On the walk home today i was puzzled by my continued existence. i felt that i had made a mistake prolonging my useless and unnecessary existence beyond, well, 1976, but especially last winter. However, as i made my morose way round the supermarket, looking for apples and green tea and washing powder, i reflected that, in an initiatory sense, black feelings are appropriate and valuable. If one takes initiation as the accessing of greater powers, the escape from the merely everyday self, then it cannot but be an uncomfortable and unnerving process; and anything which serves to unsettle and crush the ordinary self should be regarded as a gift from the interested powers.

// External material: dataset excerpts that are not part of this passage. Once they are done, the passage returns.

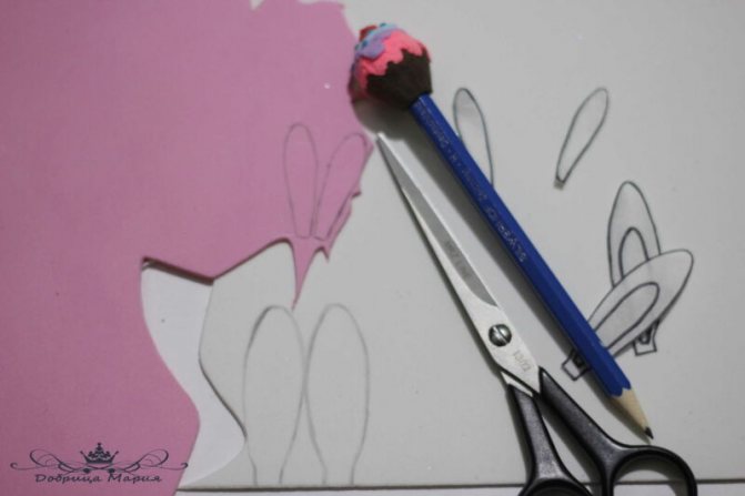 Большие ушки вырезаем из белого, а внутренние из розового цвета.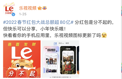 好家伙,互联网资本大佬们内卷起来,一个比一个财大气粗!但在一片红包喜庆之下,乐视的表现显得格格不入了,居然在LOGO图标上亮出文案:分不起。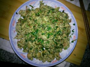 起油锅(比平常量多点,蛋很吸油),放入香椿煸炒几下,倒入打好的鸭蛋翻炒至鸭蛋熟即可起锅。香气扑鼻,不忍停箸。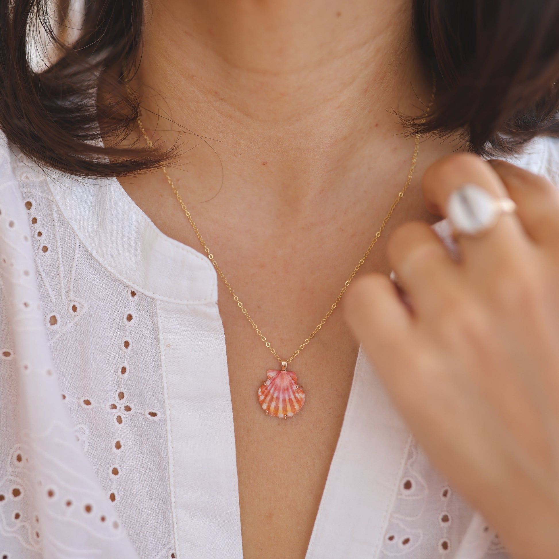 These sunrise shells have each been set in a hand crafted, 14k gold fill, one of a kind prong setting.

There are two principle reactions to the kind of intense discomfort i felt today: one can shore up the self with anger or reminders of one’s own gifts (“okay, I’m shit at this but I’m good at other things”); or one can simply exit the self, regarding it rightly as of no value, as a useless, irredeemable mess. The former is easier, more “natural”, and reinforces the extant self in its complacent self-regard and estimation; the latter is unnatural, and difficult to manage without morbid exaggeration or self-pity – however, if you can coolly regard yourself as a thing without value, something that should not exist, and then strive to escape this mess – without physically dying – then you can get somewhere. It is a kind of suicide, but of the superficial personality rather than the body. It is a sacrifice of oneself to oneself – and therefore to the old gallows god, crowfather, one-eye, grim master and hard friend, who gave himself first, to himself, on that tree on which we all variously hang, in our little wisdom, wanting more.